In this assignment, you will be exposed to thinking about regional development and travel demand, and how to plan to accomodate multi-modal access. You are asked to attempt a “little numbers” analysis of the impact of the growth in the area, to the best of your ability with the data available. Each member of your group with be primarily responsible for one of the following questions, but you must coordinate amongst yourselves to have an internally consistent and coherent assessment of the three questions. Given the projected and planned-for jobs and housing growth in the Lower Mystic study area:

  1. What is I-93’s basic capacity at different speeds, and how close to capacity is the corridor currently? How much do you estimate traffic will increase on I-93, and what will this do to accessibility?
  2. How much do you estimate demand will increase on the Orange Line and other transit services in the study area?
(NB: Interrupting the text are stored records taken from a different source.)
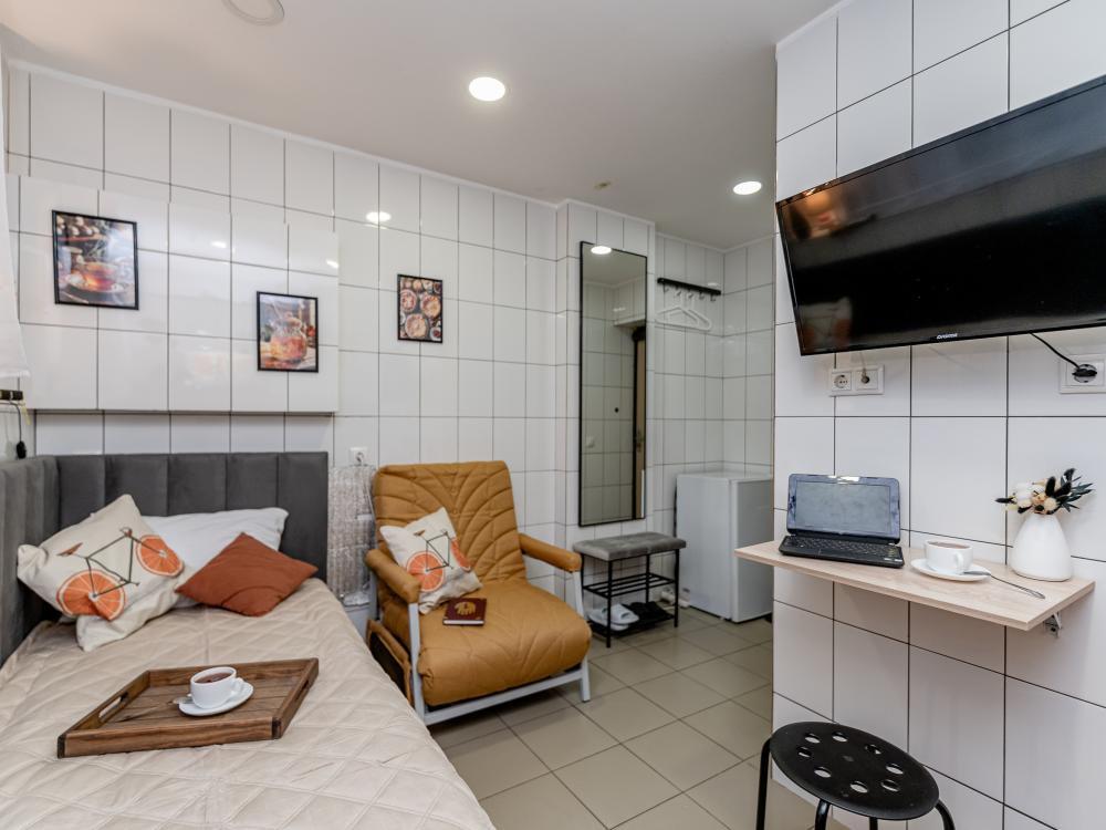 Апартамент 2 Этот номер четырехместный. Площадь- 20 м2. Двухспальная кровать 160*200 на втором ярусе. В гостиной зоне раскладывающийся двухспальный диван (внутри Вы найдете подушку, одеяло и постельное белье) Двухуровневые апартаменты находятся в Москве в 20 минутах езды от Кремля и Парка Зарядье. В 15 минутах от Метро Первомайская . В апартаментах есть кухня, плита, холодильник, микроволновая печь, чайник, санузел с душевой, бесплатные туалетно-косметические принадлежности, телевизор с плоским экраном, гостиный уголок. К услугам гостей круглосуточное заселение и бесплатный Wi-Fi. Ждем Вас в гости и готовы Вас принять в любое время суток. Для гостей URoom апарт отель, предлагаются комфортабельные апартаменты, в которых есть все необходимое, для уютного и комфортного проживания. Все апартаменты имеют два уровня, на втором уровне, располагается спальная зона, на первом уровне есть кухонная зона со всем необходимым для приготовления еды, гостиная зона с мягким диваном и телевизором и санузел. В апартаментах для пользования гостей- постельное белье, полотенца, туалетно-косметические принадлежности, фен, посуда, чай и кофе. Так же в апартаментах предусмотрена ежедневная уборка, но если вы хотите, чтобы вас не беспокоили, то можете просто повесить соответствующий знак на ручку двери. Для Вашего удобства мы организовали безключевой доступ в апартаменты. Каждому гостю предоставляется код доступа в отель и в свои апартаменты по которому гости могут в удобное время въезжать и выезжать из апартамента.
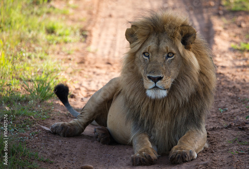 © kubikactive, Naklejka premium Lion on the savannah road in morning light
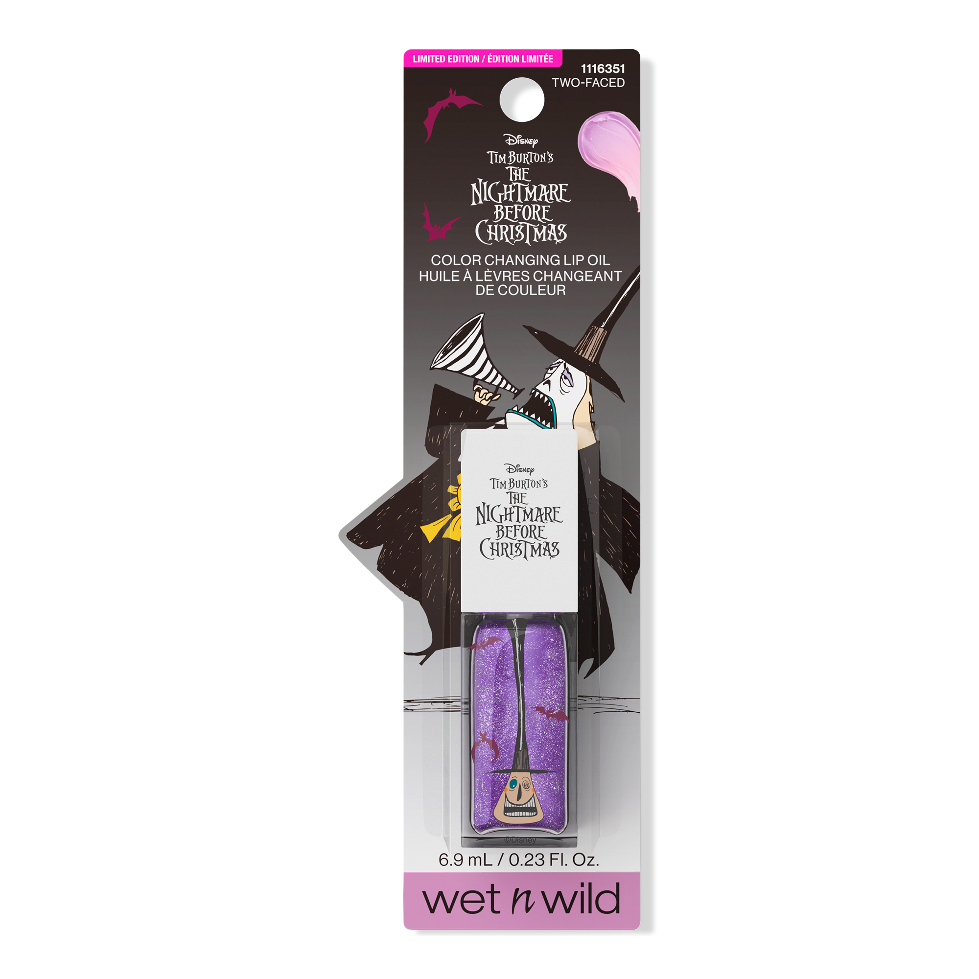 Is this real or is it a dream? The Wet N Wild Nightmare Before Christmas Two Faced Color Changing Lip Oil formula is infused with pH-activated moisturizing ingredients.

What are the basic capacity constraints, and how close to capacity is the corridor currently?
  3. How will increased demand from the surrounding developments impact the Rutherford Avenue corridor and the city of Boston’s plans for that area

In addition to these three guiding questions, as a group consider using the following steps of the 19-step process and sub-questions in particular to guide your thinking:

  • Step one: who you are as a group, and your relationship to the relevant actors.
  • Step two: scan the environment, review history, identify trends, project future conditions.
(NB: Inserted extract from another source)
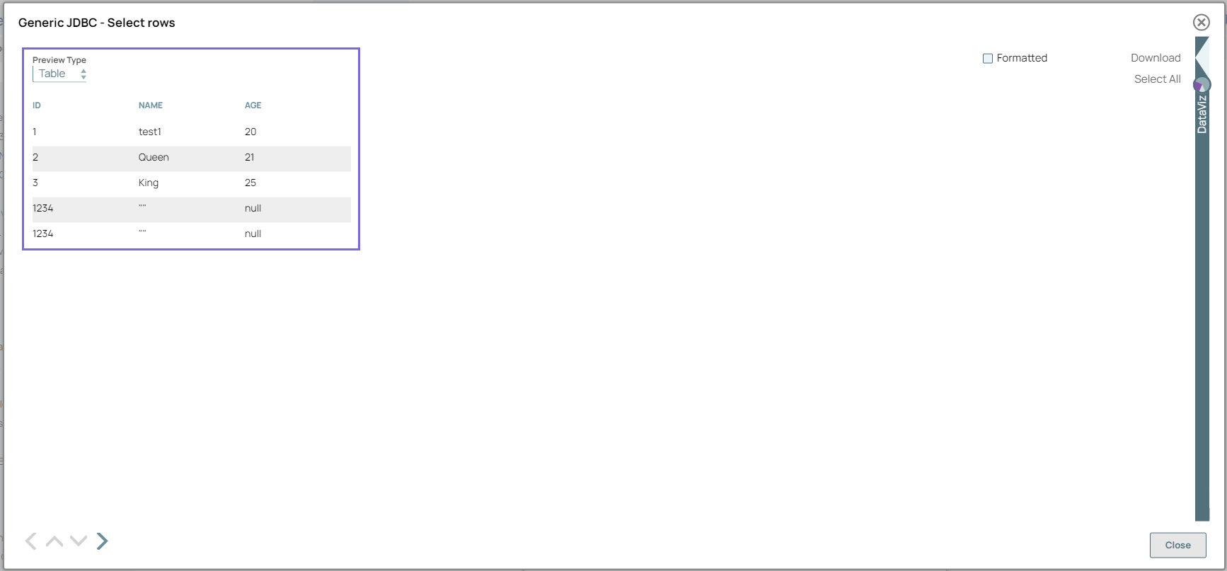 AGE column. On validation, the Snap displays the selected ACTRESS records
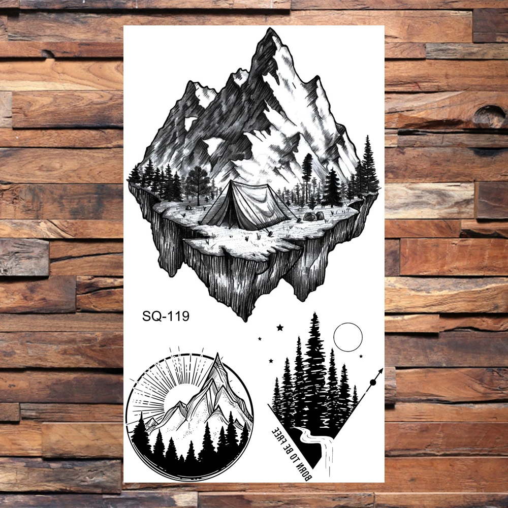 Кит лес Временные татуировки для взрослых мужчин реалистичные горы, реки, волны и звезды Поддельные татуировки наклейки на тело руки

    1. Begin by reviewing the documents recommended to organize the relevant numbers for existing conditions, as well as planned growth (such as new housing units, new jobs, new trips generated, and projected mode-share) for each of the plans in the study area.
    2. Evaluate capacity: identify basic capacity constrains and current demand for major transportation infrastructure in the study area, especially the Orange Line, I-93, and the Rutherford Avenue tunnel.
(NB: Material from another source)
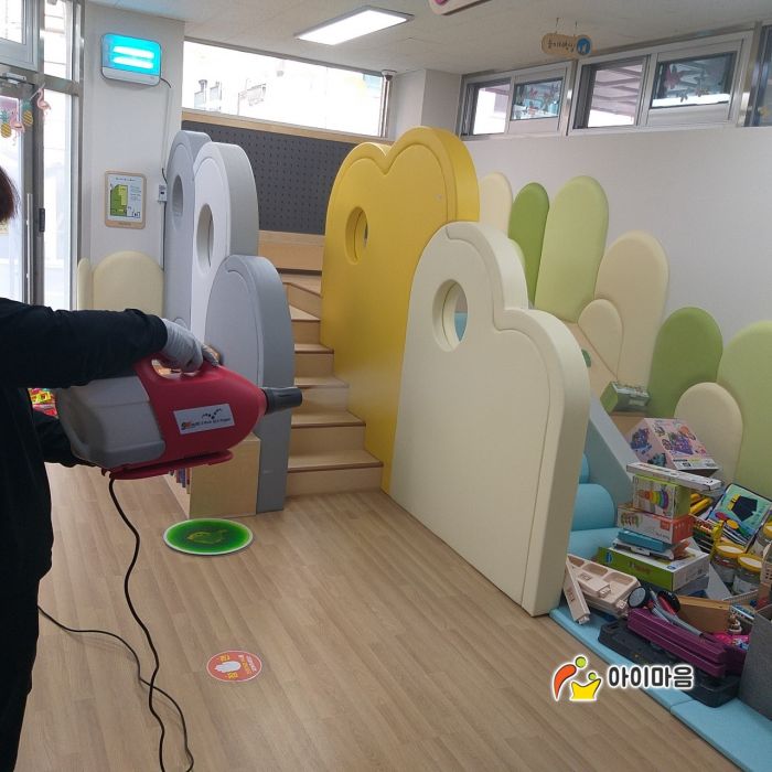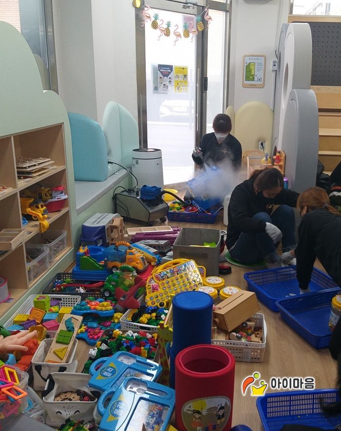 송파동열린육아방 장난감과 시설물을 스팀세척살균소독을 하고

    3. Evaluate connectivity given current and future conditions. What does access to jobs via driving look like under current conditions? What about if I-93 were more congested? What does access to jobs look like via public transit? Consider doing a very basic accessibility/isochrones assessment using Google Maps under congested and uncongested conditions, and CoAXs for transit.
    4. Evaluate mode share: assess whether the projected new trips and mode share are compatible with existing infrastructure. What more share would be compatible with existing and planned transportation infrastructure in the area?
  • Step three: identify relevant actors, primary roles and interests, and culture.
    1. What are the goals of the city of Boston with respect to this area? Who is Chris Osgood and what are his interests?
    2. Who are the other important stakeholders (including but not limited to, the city of Somerville, city of Everett, and MassDOT), and what are their interests? What are the goals of the various redevelopment efforts?
  • Steps five and six: Define problems and identify opportunities.
    1. From your analysis in step 2, what are the primary transportation problems you see arising, and what are the primary opportunities to address them? What alternatives have been proposed thus far?
    2. What would happen if the level of growth predicted transpires, and no investment is made in the area’s transportation infrastructure?

The results of your team’s analysis will be submitted by week 12 and discussed at recitation week 13.